Rising government demands for higher taxes and royalties are becoming a bigger threat to mining companies and their production than the financial crisis that’s wiped $6 trillion off stock market values since July. “You can’t ignore it and the problem is it’s gathering pace,” David Russell, a director at Ernst & Young LLP’s mining and metals team in London, said Nov. 14. “It’s almost like a contagion. The key risk is an inability to plan.”Resource nationalism, as the push by states is known, jumped to being the number one concern among mining executives this year, replacing capital allocation, Ernst & Young said in its annual risk survey published in August. At least 11 countries from Australia to Ecuador have this year raised or revealed plans to increase taxes or royalties on sales of resources such as gold and coal, according to Deutsche Bank AG.

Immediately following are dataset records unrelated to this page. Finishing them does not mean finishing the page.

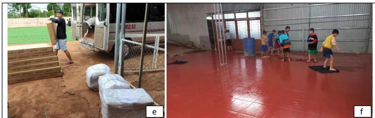
Fig. 2. (a-e) Renovation of the facility for Thanh-Nhan library, and (f) help from students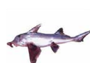
Elephant Fish Callorhynchus Callorhynchus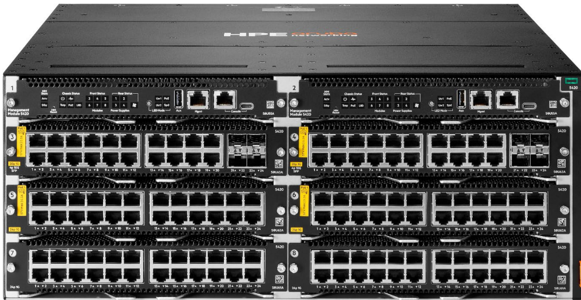
HPE Aruba Networking CX 5420 Switch Series

Notes: *Hardware capable. Software support available in future releases.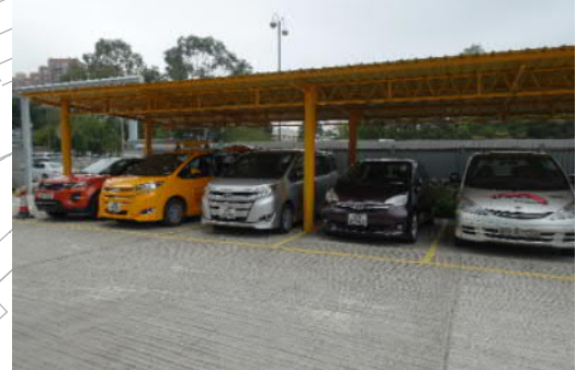
PHOTO 1854: HYD'S SITE OFFICE - CAR PARK (DATE TAKEN: 25 FEBRUARY 2020)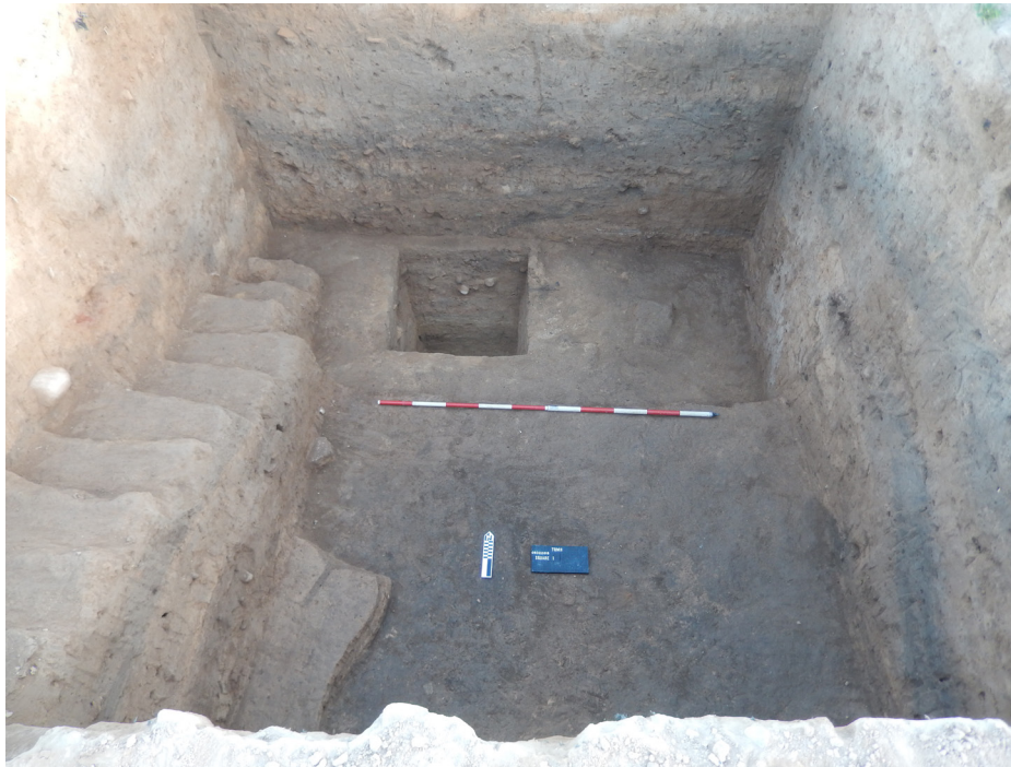
Figure 11: Final stage of excavation with completed sounding .

quantities of debris. The site formation is very interesting; however, it should be noted that at sites such as Nimrin, just 12km north of the Dead Sea, there were three meters of IA II occupation overlying the 10th century stratum (McCreery 1993: 268). Factors such as windswept sands and flooding in the alluvial fan can create deep layers of fill, as can extended periods of accumulated refuse, Figure 11.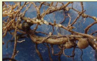
Soybean Cyst Nematode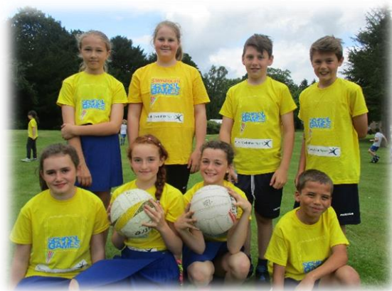
Our fantastic netballers!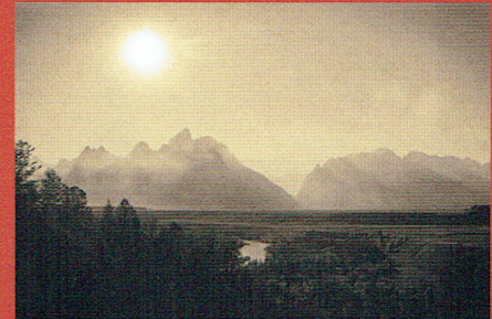
Smoke Over Snake River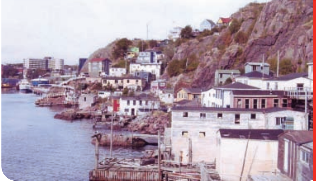
Public Sector Folklore students explored The Battery, a neighbourhood that is undergoing radical transition.

“If it continues to rise, it just raises the uncertainty for the companies when making investments for the future,” Evy Hambro, manager of the $16 billion World Mining Fund for BlackRock Inc. (BLK), a top-two shareholder in four of the five biggest mining companies, said in an interview. “We are definitely going to see more. We’re concerned about it.”

Guinea and Zimbabwe are among others that have sought to nationalize mining assets, while Zambia last week doubled some royalties on minerals. Resource nationalism ranked fourth among mining executives’ concerns a year ago and ninth in 2009.

‘Leap-frogged’

“Resource nationalism just leap-frogged right to the top this year,” said Russell, who has 30 years of experience in the resources industry in Africa, Canada and Australia. “In the last year there has been a shift. Now we are facing a situation where resource nationalism could just continue as a contagion until this issue is resolved.”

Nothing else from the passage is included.